As soon as Lolonois arrived, several boats filled with pirates, thoroughly armed, were sent to capture the ship. The Indians had informed the inmates of the ship of the presence of the pirates. Anticipating a visit, they had made such preparations as they could to repel them. The ship mounted forty-two guns, was well supplied with small arms, and had a select crew of one hundred and thirty fighting men.
The pirates, after opening fire upon the ship for some time, from one of their vessels with twenty-two heavy guns, sent four boats, each carrying about forty men, to clamber over the bulwarks of the ship, cutlass in hand, at four points. In this assault they were much aided by a dense fog, which, blending with the smoke of the powder, had settled down so heavily as to conceal the approach of the boats.
The crew were sailors. The pirates were veteran soldiers. The conflict was like that between well-trained regulars and raw militia. Very soon the pirates were masters of the ship, and the deck was covered with the dead and the dying. But again these wretched plunderers were disappointed. The vessel had been almost entirely unladen. Its remaining cargo consisted of twenty thousand reams of paper and one hundred tons of iron bars. Neither of these were of any use to the pirates. The ship, however, with its great guns, its small arms, and its abundance of ammunition, was deemed a great acquisition. But God so ordered it that even this capture proved a calamity rather than an aid to the enterprises of Lolonois.
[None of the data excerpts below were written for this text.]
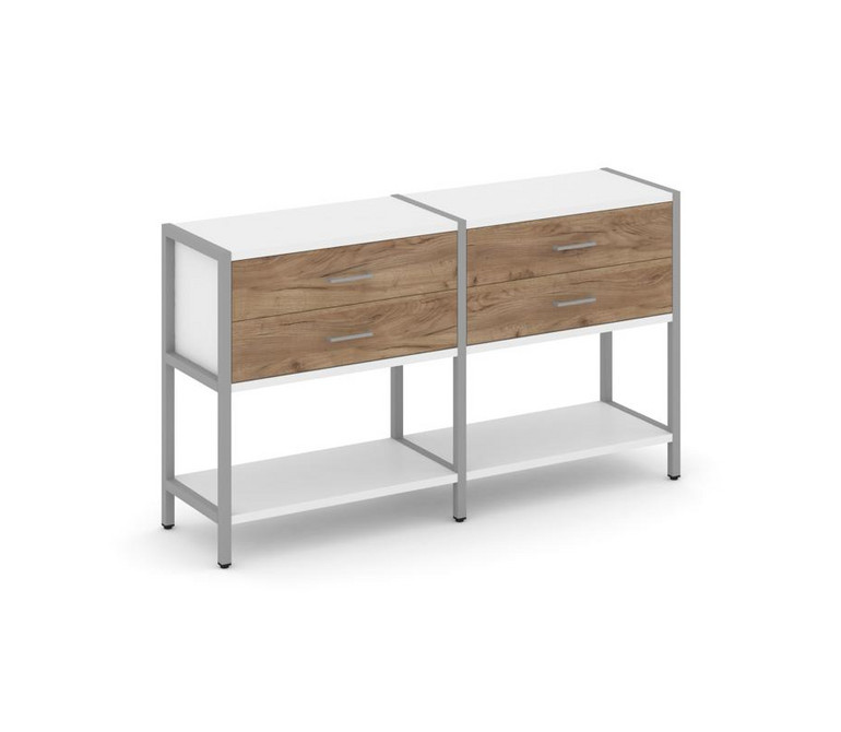 Shelf System Двухсекционный стеллаж двухярусный с ящиками SN.STM-222 Белый/Дуб Табак/Металл Серый 15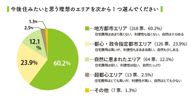 住みたいエリアについては、「地方都市エリア」が6割と最も人気、次いで「都心・政令指定都市エリア」、「自然に恵まれたエリア」、「超都心エリア」の順でした。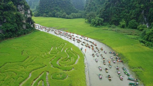 Trên cánh đồng 10.000m² ven dòng Ngô Đồng thơ mộng, thuộc khu du lịch Tam Cốc – Bích Động (xã Trường Yên, Ninh Bình), bà con đã gieo duy nhất giống lúa lai Thái Xuyên 111 của ThaiBinh Seed, đây là giống lúa gắn liền với bức tranh nghệ thuật “Cá vượt vũ môn” khổng lồ trong Tuần lễ Du lịch Ninh Bình 2025.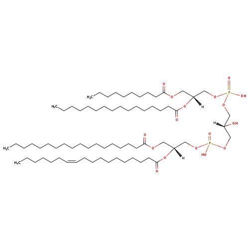 | YMDB04040 | CL(10:0/16:0/16:1(9Z)/26:1(9Z)) | [(2S)-3-({[(2R)-3-(decanoyloxy)-2-(hexadecanoyloxy)propoxy](hydroxy)phosphoryl}oxy)-2-hydroxypropoxy][(2R)-2-[(10Z)-heptacos-10-enoyloxy]-3-[(9Z)-hexadec-9-enoyloxy]propoxy]phosphinic acid | C78H148O17P2 1419.973 | |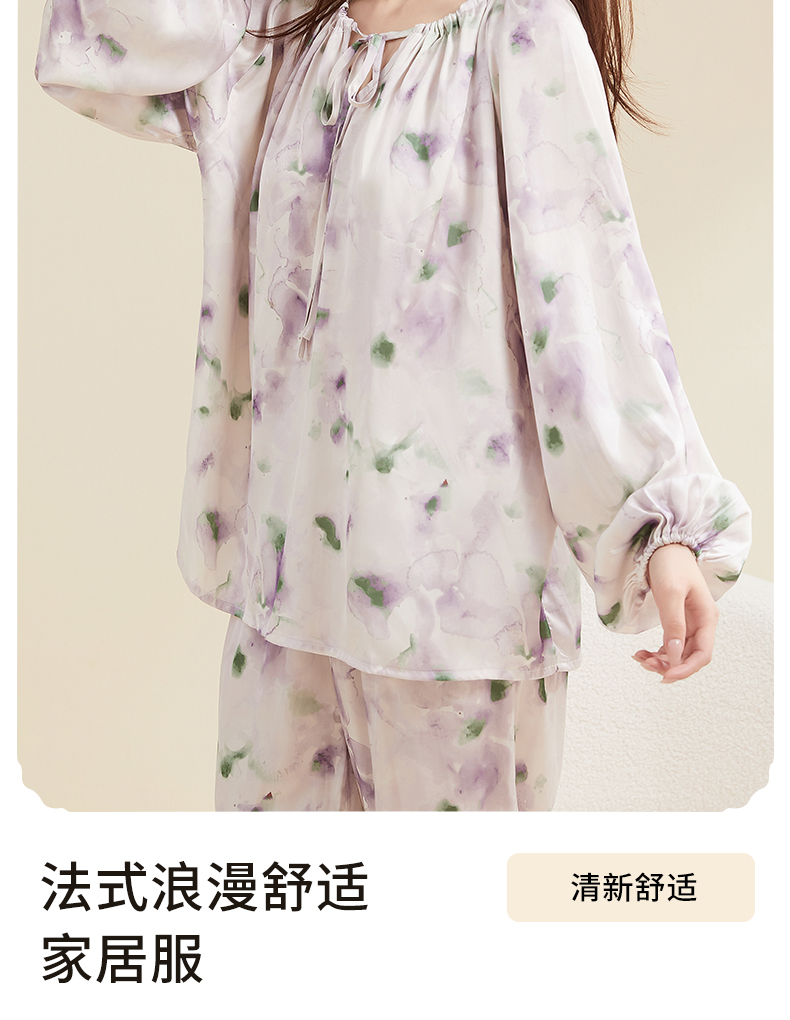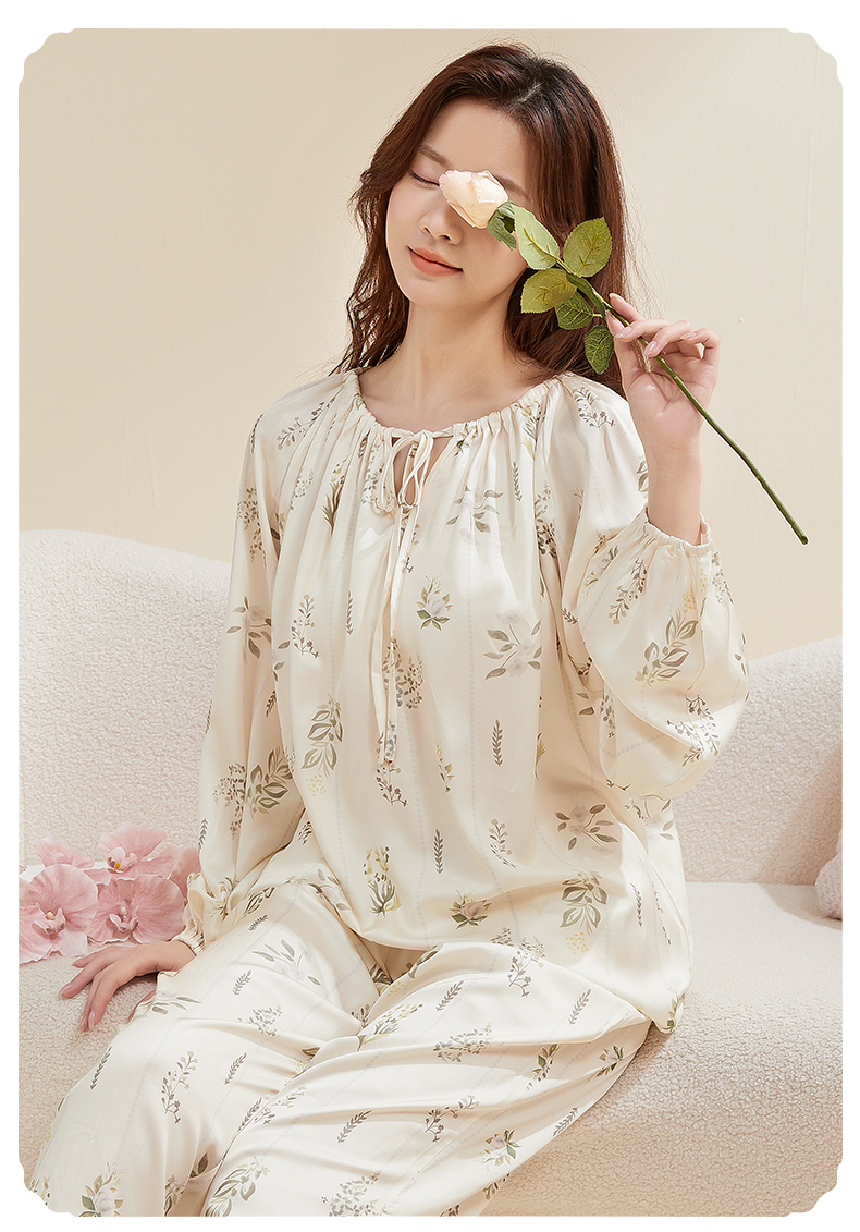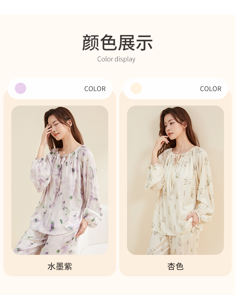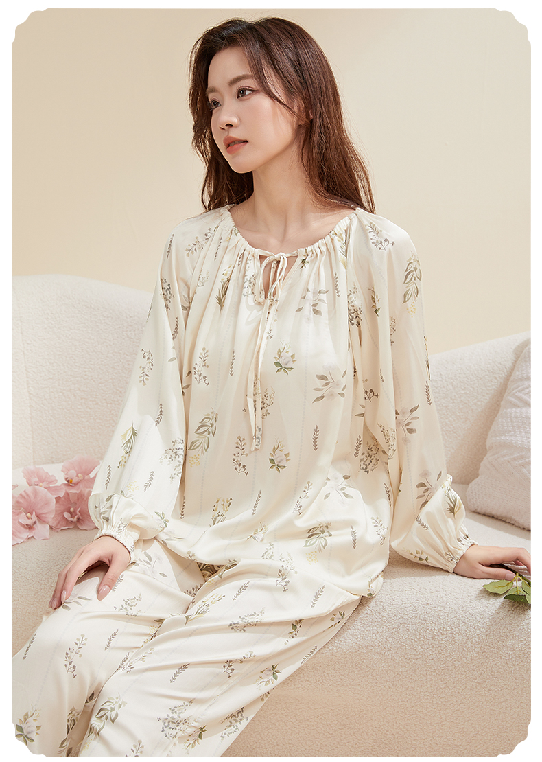 贝佳人新款秋季国风睡衣家居服舒适长裤长袖袖套装女BW532505
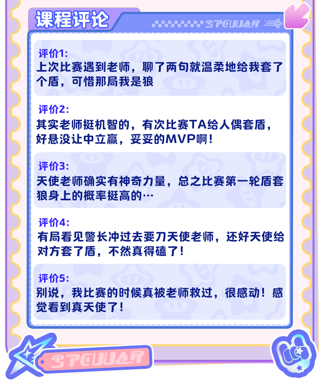 咳咳,同学你知道吗?最近《“谁是狼人”学》的课程系统,开放了授课教师的课程评论功能~评论区的留言实在太精彩!星妹已经把它当做电子榨菜看了~嗯?你还没看过?那可亏大了~快吃我一记安利!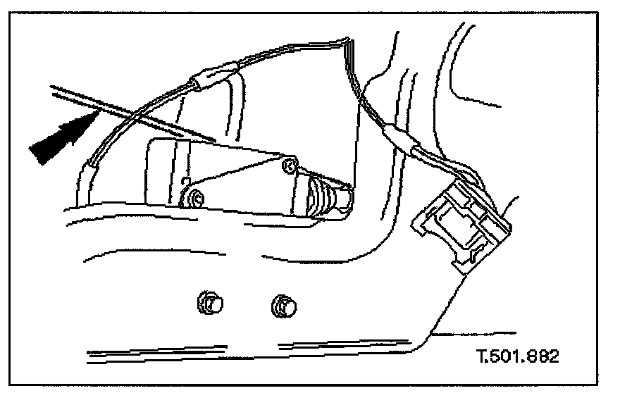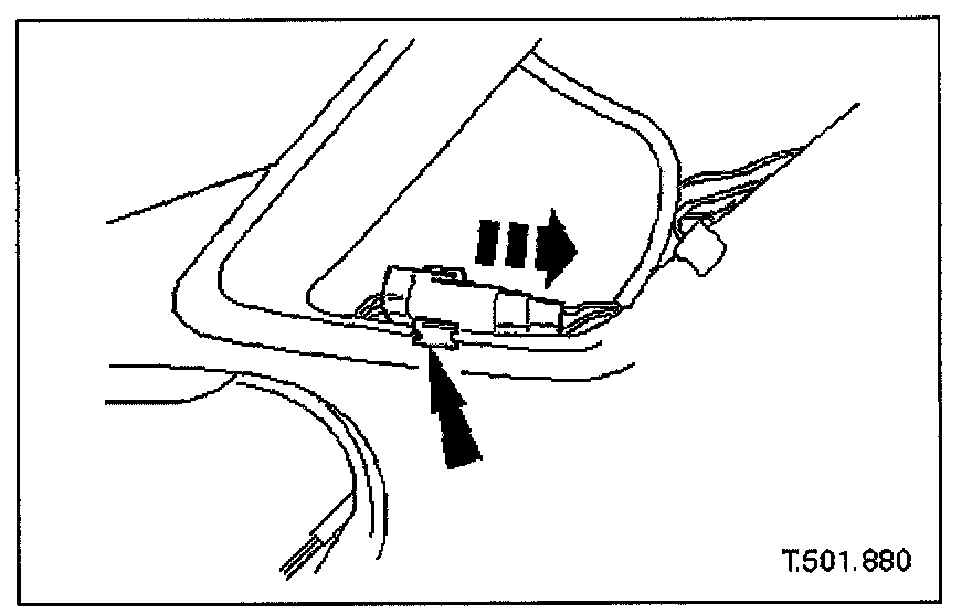 5. Release trunk open switch multiplug from retaining clip and disconnect multiplug.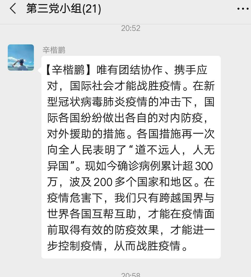 今日经典语录:病毒没有国界,疫情不分种族,人类是休戚与共的命运共同体,唯有团结协作、携手应对,国际社会才能战胜疫情。
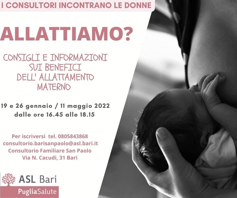 I consultori della ASL incontrano le donne. Da gennaio fino a giugno il Distretto Socio Sanitario di Bari ha organizzato una serie di giornate dedicate a incontri informativi, di prevenzione e conoscenza su tematiche di salute che coinvolgono direttamente il mondo femminile: dalla contraccezione, alla gravidanza, dalla salute materna dopo il parto all’allattamento. L’obiettivo delle […]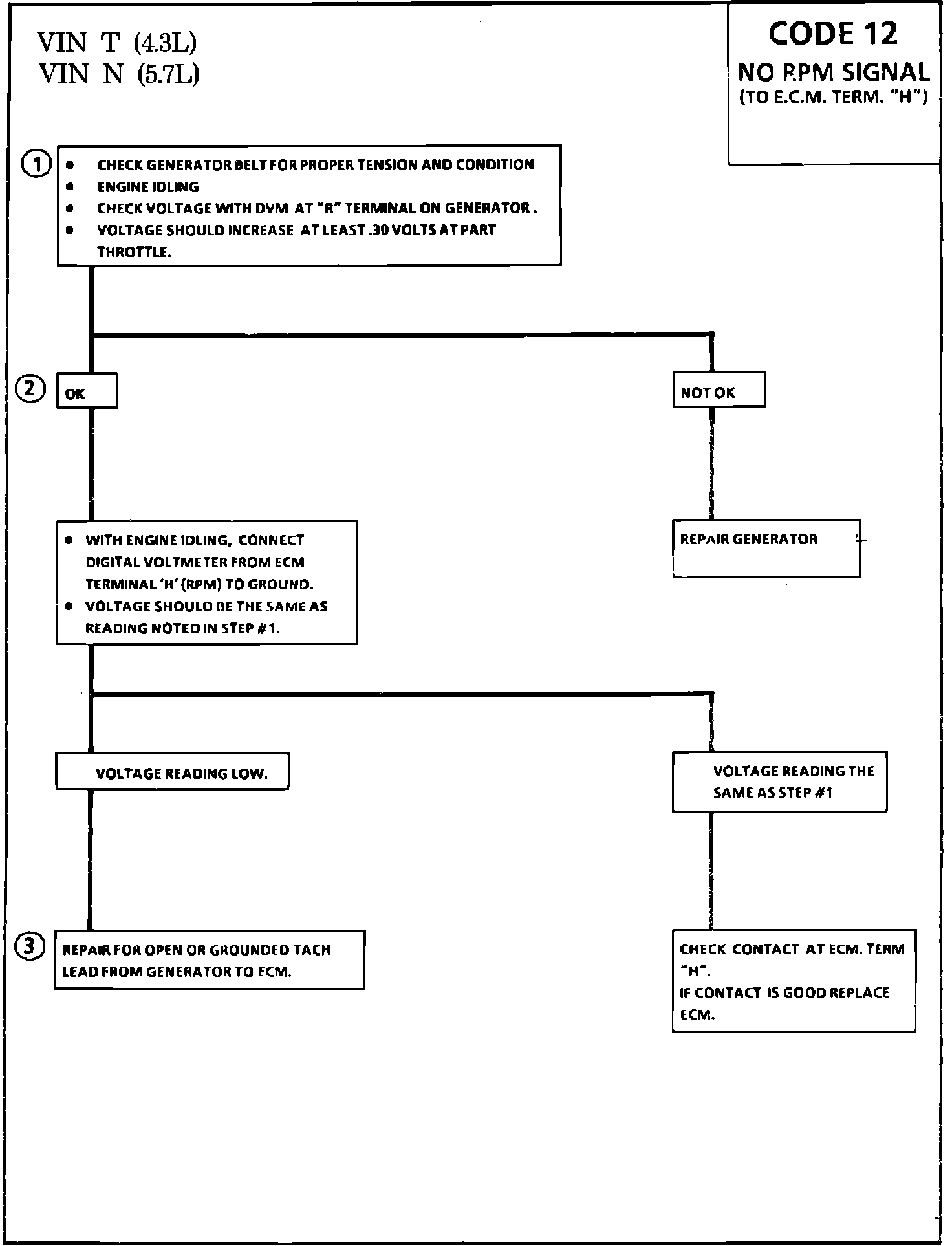 Code 12 means the ECM is "ON" and sees no RPM signal from generator. This is a normal code with the ignition "ON" and engine not running. Code 12 is not stored and will only flash when the fault is present. With the engine running, Code 12 could mean either an open or ground in the tach signal circuit. Code 41 will appear if the engine is running with no RPM signal and vehicle is moving. Code 41 will store, even if the problem clears.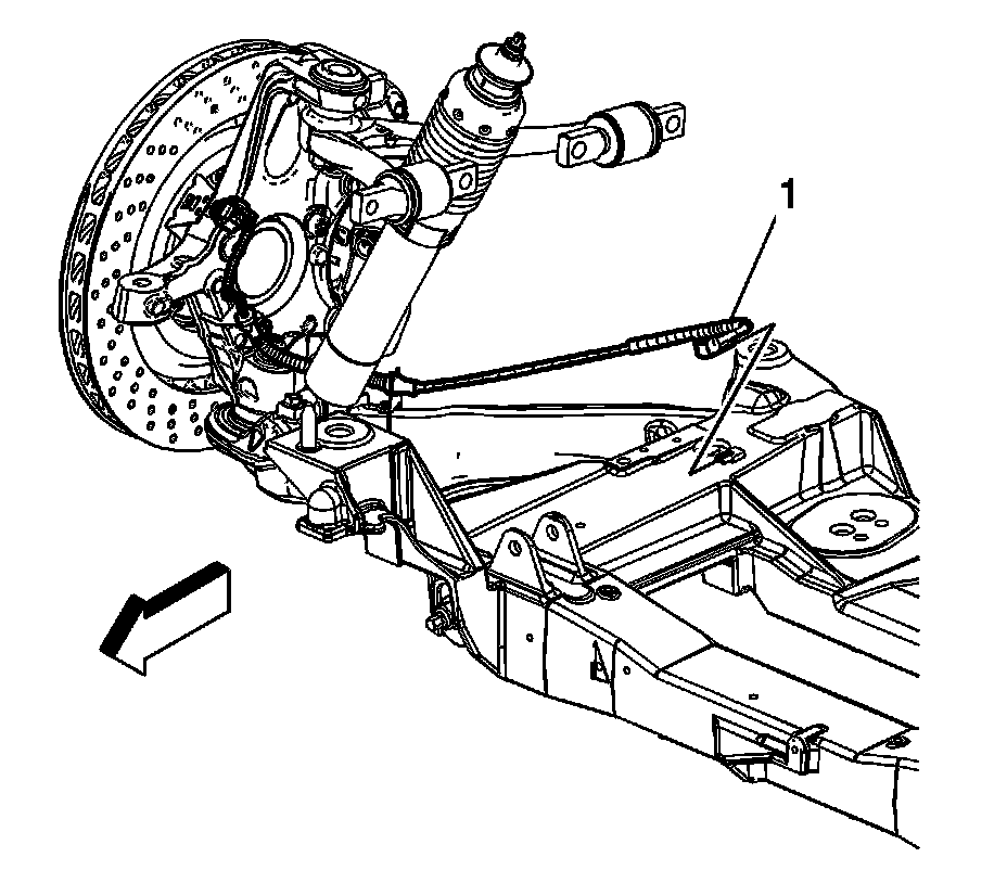 19.Disconnect the wheel speed sensor wiring harness (1) from the crossmember.
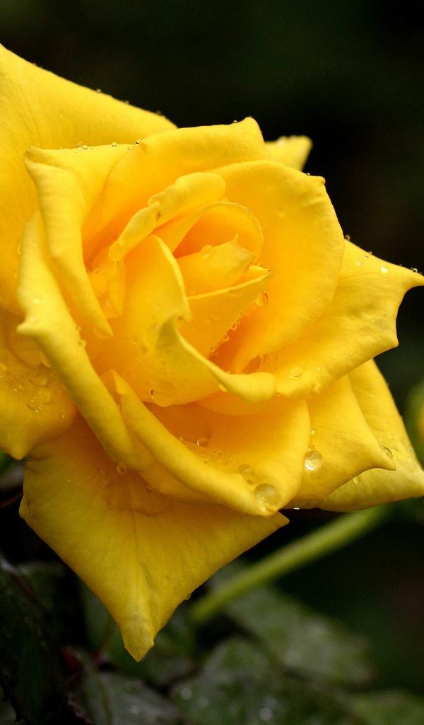 Обои Красивая желтая роза с бутоном в каплях росы крупным планом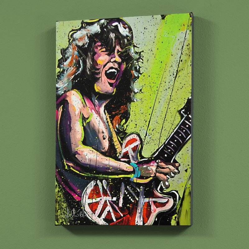 .Combining his passions for music and art, David Garibaldi creates stunning visual poetry. "Eddie Van Halen (Eddie)" is a limited edition giclee on stretched canvas, numbered and bearing the artist's authorized signature. This piece comes gallery wrapped. Includes Certificate of Authenticity! Measures approx. 30" x 40" (image).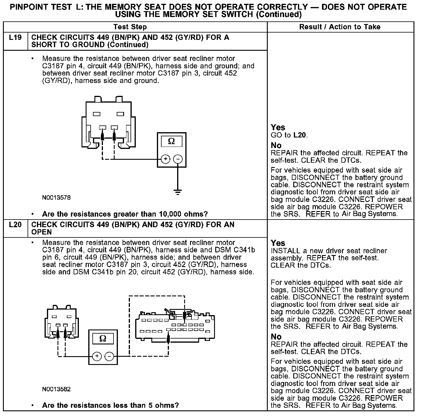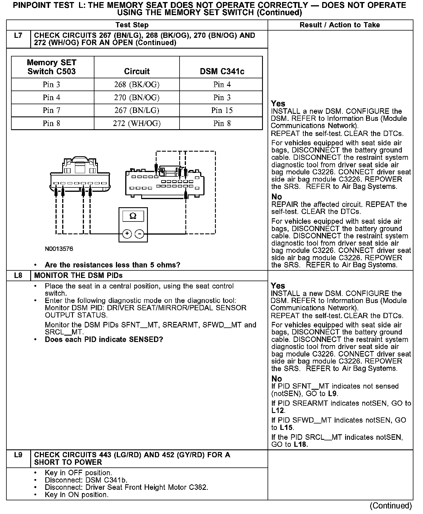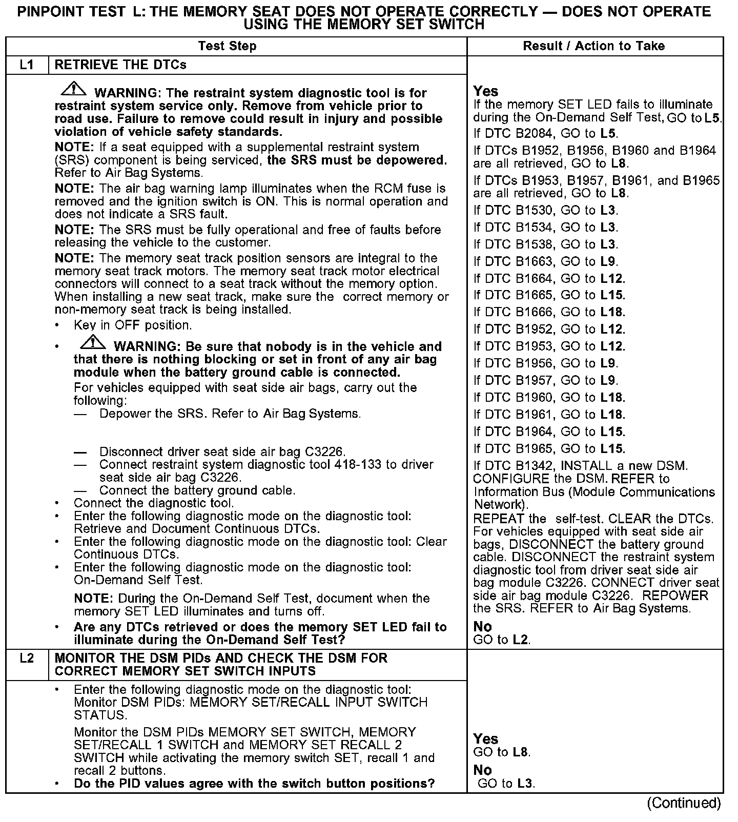 PINPOINT TEST L: THE MEMORY SEAT DOES NOT OPERATE CORRECTLY - DOES NOT OPERATE USING THE MEMORY SET SWITCHL1-L2: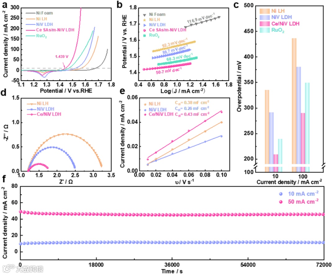 要点二:球差电镜结合X射线吸收光谱进一步确认Ce单原子的存在;基于单原子Ce与单层NiV LDH载体间强电子耦合作用,诱导空间电荷再分布和V 原子周围无序配位环境,赋予Ce SAs/m-NiV LDH优异的OER和水分解性能。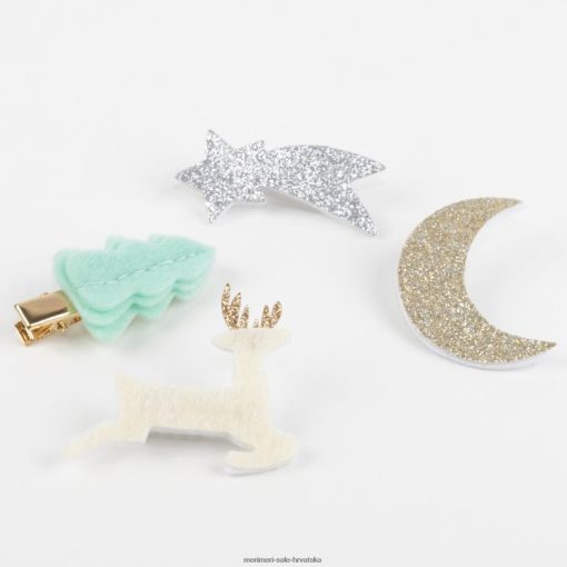 ako tražite fantastične božićne dodatke za kosu, onda je ovaj set savršen! sadrži sob, 3d božićno drvce, zvijezdu padalicu i polumjesec, a sve je izrađeno od filca s detaljima od svjetlucave tkanine. nosite ih na svečanim zabavama za zadivljujući izgled.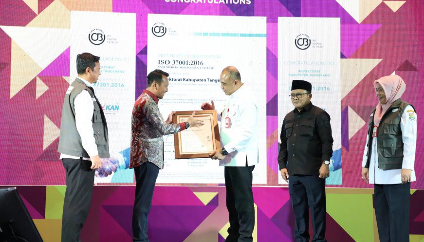 “Alhamdulillah Kabupaten Tangerang melalui Inspektorat adalah instansi pertama di Provinsi Banten yang mendapatkan sertifikat ISO 37001: 2016,” ungkapnya.

The desperate leader of this piratic gang called a general council, and insisted upon the march across the country to Guatemala. It was a stormy session. The general discontent was expressed in curses and oaths, and bitter recriminations. Nearly one-fourth of their number had perished. They had endured almost intolerable sufferings. As yet they had accomplished nothing in the way of enriching themselves. And now they were urged to embark on a desperate enterprise, where they certainly would be exposed to the greatest hardships, and where all would probably perish.
These men had embarked from Tortuga, with the expectation that dollars and doubloons would be gathered by shovelfuls. They were now poor, hungry, mutinous, angry with each other, and the prospect before them was discouraging in the extreme. All thoughts of ravaging Nicaragua, in their present state of despondency and with the great diminution of their numbers, were relinquished.
Moses Vauclin had charge of the splendid ship recently captured. His ship was a swift sailer. With one or two officers conspiring with him, and his crew of nearly one hundred and fifty men gained over, they decided to run away and cruise on their own account. In the night they silently raised their anchors, took advantage of a fresh breeze, and, before the morning’s dawn, disappeared beyond the horizon. When Lolonois awoke and found that he was thus deserted, the madman paced his deck in a frenzy of impotent rage.
The fugitives could not endure the idea of returning penniless to Tortuga, where they would thus become the laughing-stock of the whole community. The wind favored them. They ran along the coast of Honduras and Nicaragua to the south, until they reached the province of Costa Rica. In their desperation, being resolved to accomplish something, they landed and attacked and sacked the poor little town of Veruguas, killing many of the inhabitants. The furniture in the huts of these poor people was of no value to them. They gained only the pitiful sum of about forty dollars’ worth of gold, which the slaves had washed out from the mud of the rivers.
This region was low and unhealthy. The Spanish grandees, who owned the mines and cultivated them by the compulsory labor of slaves, had their residences in the more healthy region of Nata, at the distance of several leagues. The Spaniards began to gather in large numbers to repel the invaders. The pirates, alarmed, fled to their ship, and returned to Tortuga. Here they disbanded, and we learn no more of the fate of this portion of Lolonois’s army. Each one, doubtless, found his way, through crime and misery, to death and to the judgment-seat of Christ.
Lolonois was left at Port Cavallo, with but about two hundred men. He was almost destitute of food; most of his ammunition was consumed; many were sick from the insalubrity of the climate, and all were dissatisfied, clamorous, and angry.
Lolonois remained for some time in the Bay of Honduras. Esquemeling writes: “His ship was too great to get out at the time of the reflux of those seas, which the smaller vessels could more easily do.”